Questo è Diwali: il termine di un lungo tormento. Come se Ulisse fosse potuto rientrare a Itaca apertamente e festosamente, riconosciuto e festeggiato da una comunità che lo ama.
Mi hanno detto inoltre che per i Jain - che pure sono Hindu, ma hanno delle fondamentali differenze nelle loro credenze - il Diwali festeggia qualcosa di completamente diverso. I Jain hanno 24 figure, chiamate Tirthankaras, che nel corso della storia umana si sono succedute e sono diventate, come diremmo noi della quarta via, consce. L’ultimo di questi esseri realizzati, il ventiquattresimo, Mahavira, decise che il giorno della sua liberazione o, se vogliamo, cristallizzazione (I miei amici hanno usato un termine molto poetico e chiaro, ‘emancipazione’), sarebbe stato il giorno corrispondente al Diwali.
Mi sono venute allora in mente le tante festività che avvengono in diversi contesti in corrispondenza di questo periodo: Halloween, Ognissanti. Il che mi fa pensare a questi festeggiamenti come a ‘Frammenti di un insegnamento sconosciuto’, superstizioni, ovvero frammenti di nozioni superstiti di qualche tradizione più antica, di qualche oggettiva e perduta tradizione primordiale.
Un altro dettaglio che mi ha fatto pensare alle tradizioni perdute è questo: mi hanno raccontato che, fino a qualche anno fa, poi la memoria di questo piccolo rituale si è perduta, alle tre o quattro di mattina del giorno dopo il Diwali (oggi, adesso), una donna bussava alla tua porta offrendo del sale. Non sale macinato, hanno specificato, ma nella forma originaria, in cristalli. Si accettava il sale e si dava in cambio alla donna qualche soldo, del cibo o qualcos’altro, senza obbligo.

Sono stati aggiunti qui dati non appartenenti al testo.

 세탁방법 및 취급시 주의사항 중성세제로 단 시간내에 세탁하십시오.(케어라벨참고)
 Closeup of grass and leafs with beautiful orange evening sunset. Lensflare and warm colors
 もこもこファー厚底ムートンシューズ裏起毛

Qualcosa nel mio centro emozionale si è acceso a questa immagine e ho cominciato a ricamare sul suo possibile significato; ma siccome in questa sede cerchiamo di non parlare di ciò che non conosciamo, non ne scriverò.
Apprendo inoltre stamane che, contrariamente a quanto mi aspettavo secondo ‘logica’, oggi non è il primo giorno dell’anno. Sarebbe troppo facile, giusto?

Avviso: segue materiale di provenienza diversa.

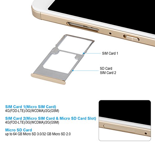 Bluboo Maya Max 6.0" HD Android 6.0 Doppia SIM 4G Smartphone 1280 * 720 Pixel 3GB RAM + 32GB 4200mAh GPS A-GPS WIFI FM OTG CAT6 Posteriore-impronte Digitali Ricarica Rapida Type-C Oro
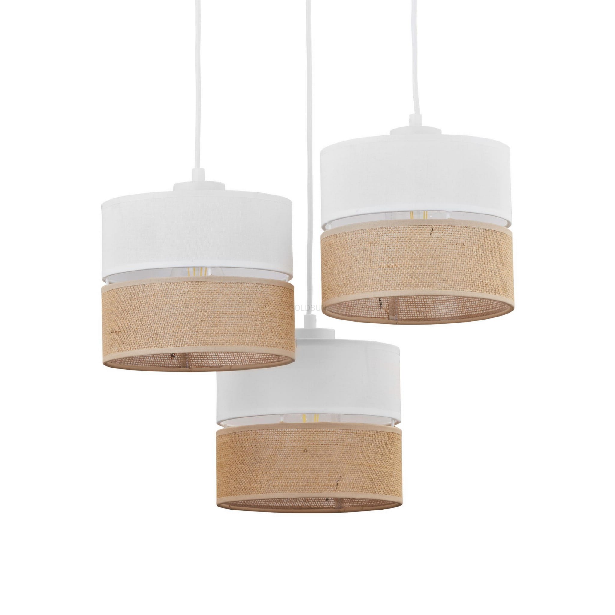 Biało beżowa lampa z trzema abażurami. Potrójna naturalna lampa wisząca z abażurami w dwóch kolorach białym oraz beżowym, przepuszcza światło rozświetlając wnętrze dzięki aż 3 punktom świetlnym. Sprawdzi się jako uzupełnienie wnętrz białych połączonych z drewnem oraz naturalnymi elementami wystroju. Jeśli lubisz naturalne wykończenia, ta lampa jest dla ciebie.
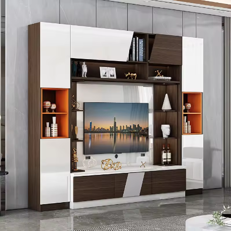 أضف لمسة من الأناقة والعملية إلى غرفة المعيشة مع هذه الوحدة العصرية. تجمع بين التصميم العصري والمظهر الجذاب مع مساحات تخزينية متعددة تساعدك على تنظيم الأجهزة والإكسسوارات بطريقة مرتبة وأنيقة.
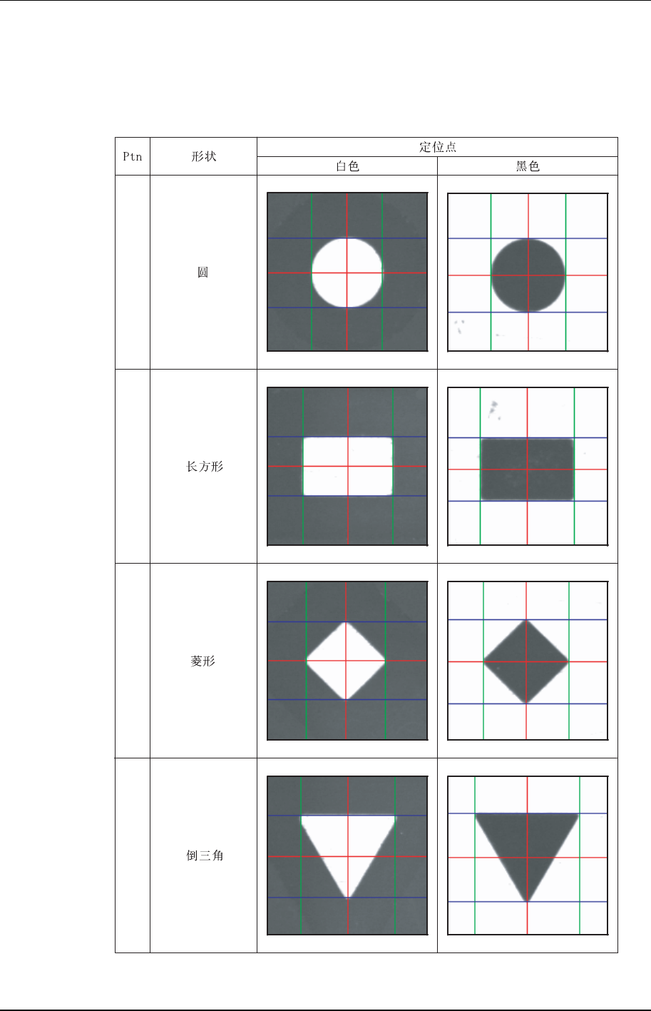 使用鼠标拖动卡尺线,与定位点的外形相吻合设定中心。下面将说明各种定位点如何与

Oggi è un giorno vuoto. Poiché la luna nuova che segna il Diwali ha avuto il suo apice tardi nella giornata di ieri, allora il titolo di primo giorno dell’anno ‘slitta’ a domani.
Oggi è un limbo che non esiste. Non è dedicato a nessun Dio e non ha un significato particolare, a differenza dei giorni che precedono e seguono.
Anche questo mi ha fatto pensare a tanti dettagli, per esempio riguardo al calendario Gregoriano, quello occidentale, e alla difficoltà di armonizzarlo sia con certe festività arcaiche che ancora dipendono dal ciclo lunare; sia alla difficoltà di sincronizzarlo col moto apparente del sole. Lo stesso numero di 365, così vicino a 360 che, essendo multiplo di 6, dovrebbe essere la perfetta rappresentazione del movimento circolare del sistema solare (Le cose ‘tonde’ si misurano con multipli di sei), sembra contenere quei 5 giorni in più, come degli stranieri imbucati a una festa, che addirittura aumentano nell’anno bisestile, di cui non si sa bene cosa pensare.
Poiché non esiste, questo giorno è prezioso, è libero da certe leggi. Il ciclo annuale è profondamente legato alla legge d’ottava. Lo sa chiunque sia spinto a buoni propositi per capodanno: si fa concludere la fine di un ciclo col cessare certe abitudini e tendenze, e l’inizio di quello nuovo per imprimere una nuova direzione.
Perché qualcosa nasca, è necessario che qualcos’altro muoia. La nostra riluttanza al morire, anche di piccolissimi, insignificanti dettagli, è una delle cause del nostro sonno. Credo che per molti sia chiaro, almeno emozionalmente, che se non ’svuoto l’armadio’, non sarà poi possibile riempirlo con le cose che desidero - questa è una legge e vale a molti livelli.